The undigested lactose draws water in the intestine, increasing pressure and leading to bloating and discomfort. The undigested lactose then makes its way to the large intestine where it is broken down by bacterial fermentation to hydrogen, carbon dioxide and organic acids. Pain, gas and diarrhea result.

Lactose intolerance is not an all-or-none phenomenon. Different individuals can tolerate different amounts of milk and milk products without ill effect. Moreover, some people are affected by cold milk but not by warm milk, and by milk taken when the stomach is empty but not when it is consumed with a meal.

Other dairy foods differ in their effect. For example, some people who cannot drink much milk without experiencing symptoms may tolerate hard cheese, yogurt (if it does not contain nonfat milk solids added after pasteurization), and even small amounts of ice cream.

For those who suffer symptoms from small amounts of milk or milk-containing foods, excellent solutions are available.
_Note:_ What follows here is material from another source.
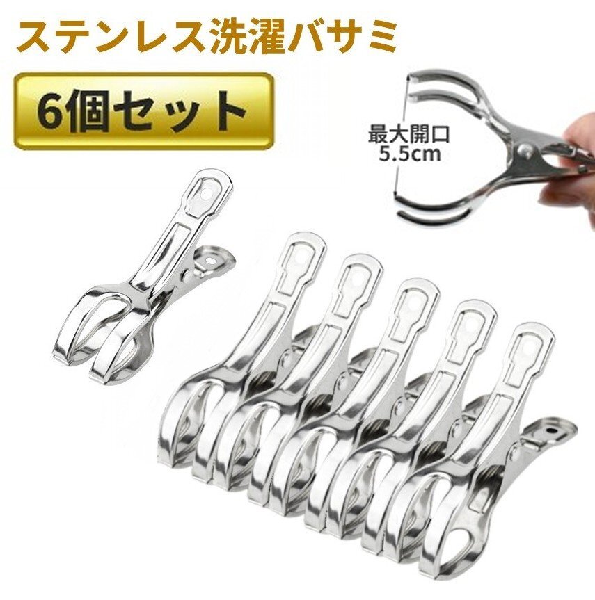 - 【vaps_2】ステンレス 洗濯ばさみ 8.5cm 6個セット 強力 大きい 防風 洗濯バサミ ハンガー固定 物干し ピンチ 送込

Commercial lactase preparations can be added to milk to break the lactose down to its simple sugars, glucose and galactose. And tablet and capsule forms of lactase may be taken with milk products at the time they are consumed, or sprinkled on lactose-containing foods.

What is the difference between sweet potatoes and yams?

Sweet potatoes and yams come from two different species of plant originating in separate corners of the world. What we commonly eat are sweet potatoes, which are native to tropical America. In fact, the oldest archaeological evidence concerning their origin comes from Peru and dates back to 750 B.C.

Yams, on the other hand, are native to Africa, and probably West Africa. It is thought that the African slaves introduced yams to the New World. True yams, whose flesh ranges in color from white to yellow, usually weigh between 2 and 8 pounds. But some can exceed 100 pounds.

Sweet potatoes are usually yellow to deep orange, but red or purple varieties exist. Sweet potatoes, as their color suggests, provide generous amounts of vitamin A. They are also a good source of vitamin C and contain a lot of potassium, as well as B vitamins, iron and other minerals.

They are calorically more dense than white potatoes. A medium sweet potato, weighing 3 1/2 ounces, provides 140 calories. And the addition of extra ingredients such as butter or margarine, brown sugar or maple syrup, and nuts can easily double or triple that tally.

For occasional holiday eating that might be fine. Unfortunately, after the holidays we tend to dismiss sweet potatoes as "too fattening." That is a shame. The natural flavor of sweet potato can be enjoyed without adding rich frills. A baked sweet potato tastes delicious as it comes from the oven. And it contains no more calories than a baked white potato of the same size with just a single pat of butter added.